Public toilets have 'vital role' for elderly, AMs told
Public toilets play "a vital role" in helping older people to get out of the home, campaigners are to tell AMs.
A new draft law by the Welsh government will put the responsibility on local authorities to make sure there are enough public toilets.
The campaigners are meeting a cross-party group at the Welsh assembly looking at how to address the issue.
Age Cymru's Graeme Francis said: "It's certainly a significant problem for a large number of older people."
He told BBC Radio Wales that the charity's research had shown that up to half of older people consider whether public toilets were available before they decided to go out.

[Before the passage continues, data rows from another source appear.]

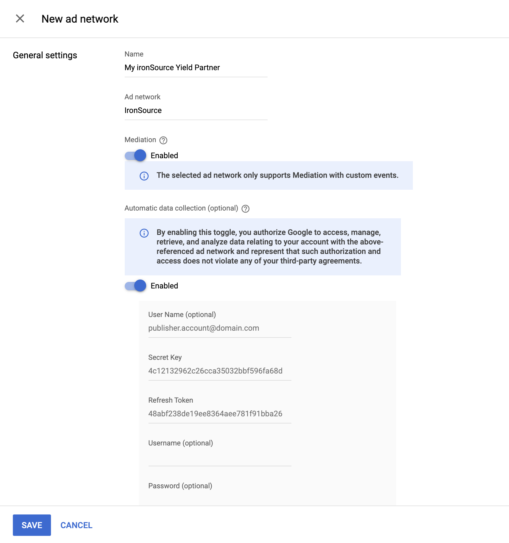 Выберите ironSource Ads в качестве рекламной сети , введите уникальное имя и включите медиацию .
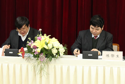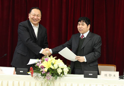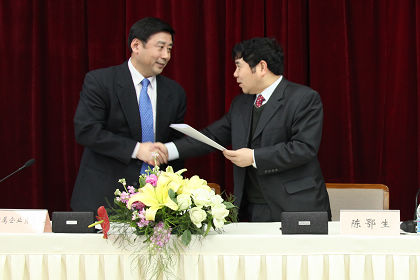 陳鄂生總經(jīng)理與日化院院長王萬緒簽訂經(jīng)營目標(biāo)責(zé)任書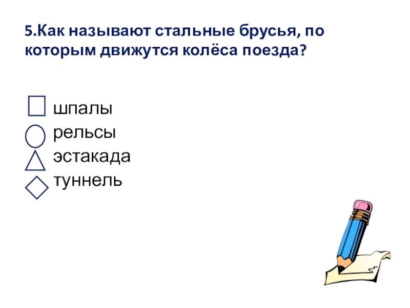 5.Как называют стальные брусья, по которым движутся колёса поезда?       шпалы

"That may not stop all of those people but say it only stops a small proportion out of 600,000 older people, it's a lot of people who will feel isolated from their communities and struggle to access vital services if toilets aren't available," said Mr Francis. "We are concerned at the moment, as a lot of services are under threat, particularly those run buy local authorities, [that] toilets are one of those.
"We don't think toilets are generally hugely expensive to operate but they are just one of those services that local authorities provide and in very challenging times they are looking to make savings wherever they can."
Labour AM Mike Hedges, who chairs the cross-party group, said he believed that "in any civilized society" older people should have "easy access to public toilets" in their community.
He added: "A lack of public toilets leaves older people feeling isolated as they choose to stay at home, rather than meeting with friends and family out in their community."
He said the group's meeting "will give AMs the chance to discuss how we support older people in ensuring they have access to the right public services".